New treatment improves sight for children with rare genetic condition
21 February 2025
Four children have gained life-changing improvements in sight following treatment with a pioneering new genetic medicine through Moorfields Eye Hospital and UCL Institute of Ophthalmology.
The work was supported by the National Institute for Health and Care Research (NIHR) and Moorfields Eye Charity.
Due to a rare genetic deficiency known as Leber congenital amaurosis (LCA), the children who received this treatment were born with only sufficient sight to distinguish between light and dark. Most children with the condition lose their sight as the gene defect causes retinal cells to malfunction.
This new treatment involves injecting healthy copies of the faulty gene into the retina. The copies are packaged inside a harmless virus, which enables them to penetrate the retinal cells.
For safety reasons, the children could only receive the gene therapy in one eye. The children lost sight in their untreated eye, but all saw remarkable improvements in their treated eye.
The outcomes of the new treatment, reported in The Lancet, show that gene therapy at an early age can dramatically improve sight for children with this severe condition.
Professor Michel Michaelides, consultant ophthalmologist at Moorfields Eye Hospital and Professor of Ophthalmology at the UCL Institute of Ophthalmology, commented:
We have, for the first time, an effective treatment for the most severe form of childhood blindness, and a potential paradigm shift to treatment at the earliest stages of the disease. The outcomes for these children are hugely impressive and show the power of gene therapy to change lives.
Professor James Bainbridge, consultant retinal surgeon at Moorfields Eye Hospital and chair of retinal studies at UCL Institute of Ophthalmology, added:
Sight impairment in young children has a devastating effect on their development. Treatment in infancy with this new genetic medicine can transform the lives of those most severely affected.
Moorfields Eye Charity has supported Professor Bainbridge’s work as the Chair of Retinal Studies, enabling the expansion of this programme of experimental medicine, including the initiation of gene therapy trials.
Jace from Connecticut is one of the children who received treatment. His parents, Dani and Brendan, shared their experiences:
We spent months talking to doctors, hearing their hypotheses, until a retinal referral confirmed he [Jace] has an aggressive form of LCA (Leber Congenital Amaurosis). By chance, at a charity’s conference, we met Professor Michaelides, who told us of his research work at Moorfields, and we were accepted for this experimental treatment.
Jace coming out of surgery
We are so grateful for this opportunity, and for the care he’s received; we feel we have friends now at Moorfields. When first offered the chance to participate, we wanted to give him everything we could to successfully navigate the world. We also understood the huge implications for future research, and how participating could help others. It has been a phenomenally positive experience, and the results are nothing short of spectacular.
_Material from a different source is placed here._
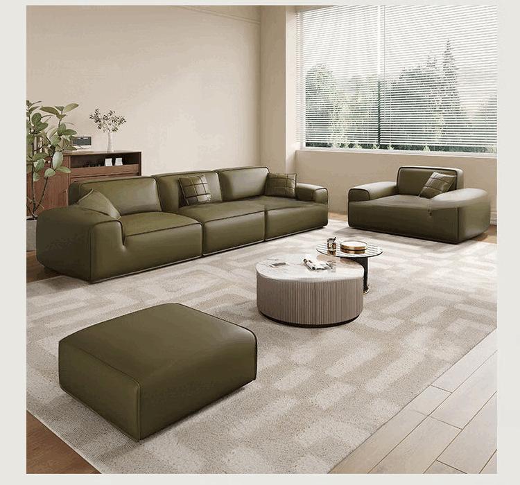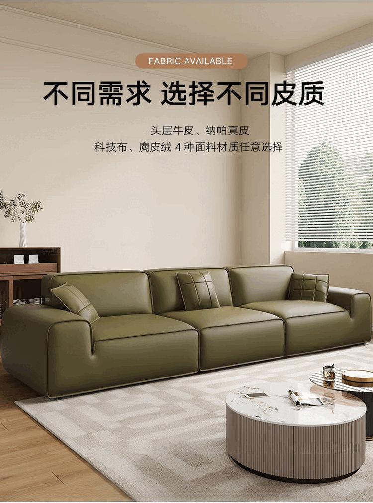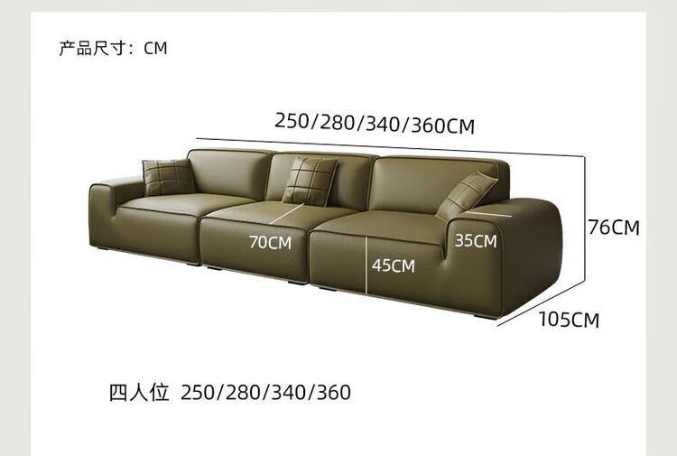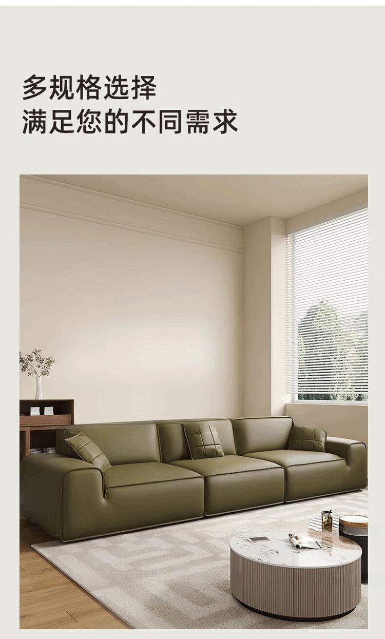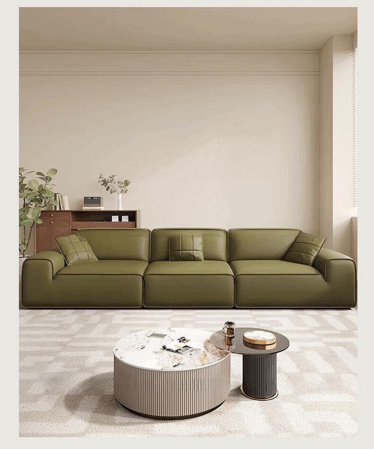 Sofá moderno grande de cuero de vaca negro, minimalista italiano, de primera capa, de piel de vaca, para sala de estar, apartamento grande y pequeño, sofá de fila recta con bloques de tofu

Jace with his dad, Brendan
After the operation, Jace was immediately spinning, dancing and making the nurses laugh. He started to respond to the TV and phone within a few weeks of surgery, and within six months, could recognise and name his favourite cars from several metres away; it took his brain time though, to process what he could now see. Sleep can be difficult for children with sight loss, but he falls asleep much more easily now, making bedtimes an enjoyable experience.
Jace with his mum, Dani
The four children who were given treatment are from America, Tunisia and Turkey. They were seen at Moorfields Eye Hospital’s Clinical Research Facility, and the procedure took place at Great Ormond Street Hospital.
Gene therapy is already being used by the NHS for RPE65 deficiency which causes Leber’s congenital amaurosis and other forms of retinal degeneration which are associated with early-onset blindness. These new findings offer continued hope that genetic medicine will benefit more affected children.
The team are currently exploring ways to make this new treatment more widely available.